The first time I handed a tricky competitive programming problem to GPT-4, it confidently produced a solution that failed on the second test case. I tweaked the prompt, added "think step by step," and got the same broken logic presented with more elaborate justification. It wasn't that the model was dumb — it was that standard next-token prediction has a hard ceiling on reasoning depth.

Then I tried the same problem on o3 in early 2026. It spent 47 seconds "thinking" before outputting anything. The solution was correct. What happened in those 47 seconds is the story of reasoning models.


The Ceiling Standard LLMs Hit

Before diving into reasoning models, it helps to understand exactly where vanilla LLMs fall short.

A standard transformer generates one token at a time, left to right, with no ability to revise earlier decisions. That architecture is remarkably powerful for pattern matching, code completion, and summarisation. But multi-step logical deduction — the kind that requires holding intermediate conclusions, checking consistency, and backtracking — doesn't map cleanly onto a single forward pass.

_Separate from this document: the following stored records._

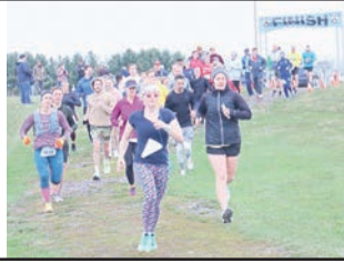
Competitors brave weather for RC2 Run/Walk, p. 13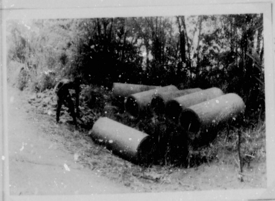
Present work involves increasing drainage efficiency.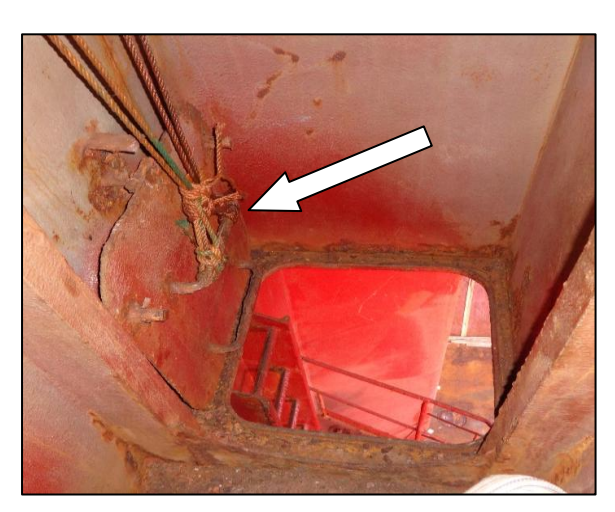
Figure 5: Cargo hold access cover in way of cargo hold no. 4

An additional cargo hold access cover was inspected during the course of evidence collection on board. The cargo hold access cover fitted in cargo hold no. 4 was found in a similar (poor) condition to that in cargo hold no. 2 (Figure 5).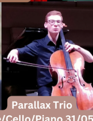
Parallax Trio Flute/Cello/Piano 31/05/26

Chain-of-thought prompting ("think step by step") improves results because it forces the model to externalise intermediate reasoning into the context window. Each step can condition the next. But the model is still constrained: it can't revise a step it already emitted, and it has no mechanism for exploring alternative reasoning branches.

The result is a model that looks like it's reasoning but is really completing a pattern of reasoning-shaped text. For easy problems, the distinction doesn't matter. For hard ones — complex math, multi-constraint planning, adversarial code review — it does.


What Reasoning Models Do Differently

Architecture diagram: standard LLM forward pass vs reasoning model with internal scratchpad and verification loop

Reasoning models like OpenAI's o1/o3, DeepSeek R1, and Claude's extended thinking mode all share a common idea: give the model compute budget at inference time to generate and evaluate intermediate reasoning steps before producing a final answer.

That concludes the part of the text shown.